4.2 Ciò premesso, non può sottacersi che il tenore del presente ricorso non appare rispettoso dei dettami sanciti dal novellato art. 360 n. 5 nella esegesi resa dalle sezioni unite di questa Corte, essendosi la ricorrente limitata tout court, a censurare l’omessa disamina di documentazione idonea a configurare, come abnorme, la condotta assunta dal dirigente, senza riportarne il contenuto (terzo motivo), né indicare compiutamente i presupposti per il riconoscimento del diritto vantato alla restituzione delle somme spettanti sulla base del rispetto del principio di esclusività dell’attività di lavoro dirigenziale in favore dell’Azienda, né per la loro quantificazione.

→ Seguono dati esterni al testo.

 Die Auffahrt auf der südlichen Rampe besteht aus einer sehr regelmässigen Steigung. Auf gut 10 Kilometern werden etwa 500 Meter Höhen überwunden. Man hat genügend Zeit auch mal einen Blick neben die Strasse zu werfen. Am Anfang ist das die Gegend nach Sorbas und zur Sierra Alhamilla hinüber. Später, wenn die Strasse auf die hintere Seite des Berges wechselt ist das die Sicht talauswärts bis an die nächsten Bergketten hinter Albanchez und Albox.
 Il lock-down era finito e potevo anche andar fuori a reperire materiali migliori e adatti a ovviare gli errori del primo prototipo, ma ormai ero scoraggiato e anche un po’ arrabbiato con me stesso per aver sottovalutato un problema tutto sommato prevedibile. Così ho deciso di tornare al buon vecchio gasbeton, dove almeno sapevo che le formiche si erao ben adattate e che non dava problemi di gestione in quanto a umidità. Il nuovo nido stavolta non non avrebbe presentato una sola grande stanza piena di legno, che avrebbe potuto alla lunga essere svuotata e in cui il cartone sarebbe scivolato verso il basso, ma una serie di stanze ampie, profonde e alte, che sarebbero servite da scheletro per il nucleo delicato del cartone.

Tanto a tacer del fatto che non risulta enunciato “il come e il quando” (nel quadro processuale) tale fatto sia stato oggetto di discussione tra le parti.
In definitiva, alla luce delle esposte considerazioni, il ricorso è respinto.

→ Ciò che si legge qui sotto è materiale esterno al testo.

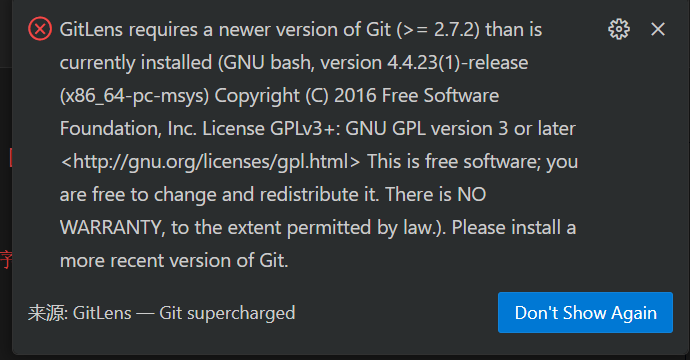 vscode报错:GitLens requires a newer version of Git (>= 2.7.2) than is currently installed (GNU bash, version 4.4.23(1)-release (x86_64-pc-msys) Copyright © 2016 Free Software Foundation, Inc. License GPLv3+: GNU GPL version 3 or later http://gnu.org/licenses/gpl.html This is free software; you are free to change and redistribute it. There is NO WARRANTY, to the extent permitted by law.). Please install a more recent version of Git.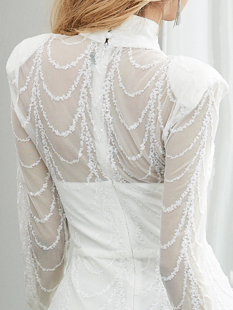 This long sleeve dress is perfect for any formal occasion. It features a trailing design with perspective striped sequins that will make you stand out in any crowd. The fitted bodice and flared skirt will accentuate your figure in all the right ways. You'll love how you look and feel in this dress.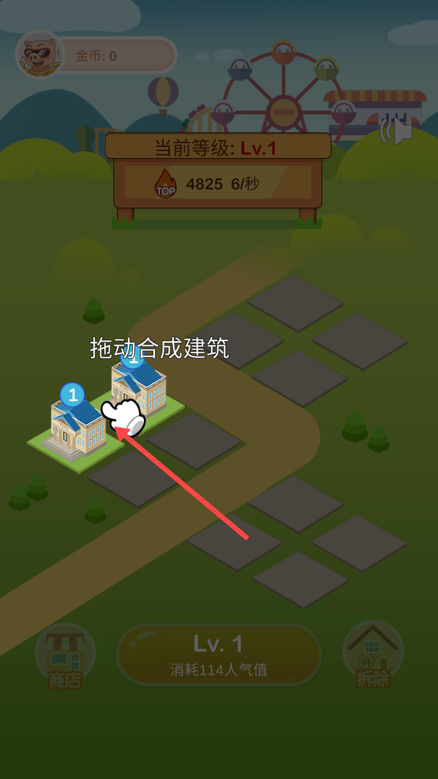 2、玩家拥有俩个以上的建筑时,可以拖动合成为一座更高级的建筑。

Il governo delle spese del presente giudizio segue il regime della soccombenza nella misura in dispositivo liquidata.
P.Q.M.
Rigetta il ricorso. Condanna la ricorrente al pagamento delle spese del presente giudizio che liquida m euro 100,00 per esborsi ed euro 3.500, 00 per compensi professionali, oltre accessori di legge.
Ai sensi dell’art. 13 comma 1 quater d.p.r. n. 115 del 2002, dà atto della sussistenza dei presupposti per il versamento, da parte del ricorrente, dell’ulteriore importo a titolo di contributo unificato pari a quello dovuto per il ricorso, a norma del comma 1 bis dello stesso art. 13.